Another concerning chemical is musk ketone, which is a synthetic version of the fragrant natural compounds produced by several types of animals and a few plant species, according to the American Chemical Society. It's a way to meet the demands for musk fragrance without sacrificing animals to make it. However, studies have shown this ingredient concentrates in human fat tissue and breast milk.
And lastly, according to a two-year study conducted by the National Toxicology Program, the fragrance compound myrcene has shown "clear evidence" of carcinogenic activity in rats.
The EWG says the FDA has not studied most fragrance chemicals for safety when used in spray-on products such as fragrances. Nor have most been evaluated by the safety review panel of the International Fragrance Association (IFRA), which has a list of 3,999 possible fragrance ingredients used in consumer products that meet the organization's safety standards. Of course, the companies that use synthetic fragrances in their products insist they are safe.
Lack of sufficient oversight
Even if fragrance ingredients were reviewed for safety by the IFRA, many critics would question those findings because the IFRA is run by the fragrance industry, according to Women's Voices for the Earth (WVE), a national women's health nonprofit organization. The group asserts that "allowing the fragrance industry to self-regulate, and establish itself as the sole authority on fragrance safety, simply does not serve the public health interest."

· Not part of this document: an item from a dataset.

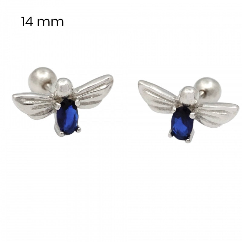 Silver stud earrings with blue beetles

WVE says that many studies on fragrance ingredients are commissioned by manufacturers, and those studies are not published, peer-reviewed or publicly available. They also assert that the most controversial ingredients, such as the ones mentioned above, haven't been studied by the IFRA's research group in the past 40 years.
Fragrance-free is no guarantee
Given all of this, you may be tempted to go the fragrance-free route. Here's the thing, though: Fragrance-free doesn't mean a product is free of fragrance chemicals — it only means the product is free of odor, according to the University of Tennessee, Knoxville, Safety Office. The university reports that products must be marked "without perfume" to indicate no fragrance has been added.
In addition, a product labeled "unscented" may contain a masking fragrance, and if it does, that masking agent is not required to be on the ingredient label.
So while it's great news that leading manufacturers are acknowledging consumer concerns about the ingredients in fragrances and making those ingredient lists publicly available, clearly we still have a long way to go in terms of studying those ingredients to determine whether they're truly safe.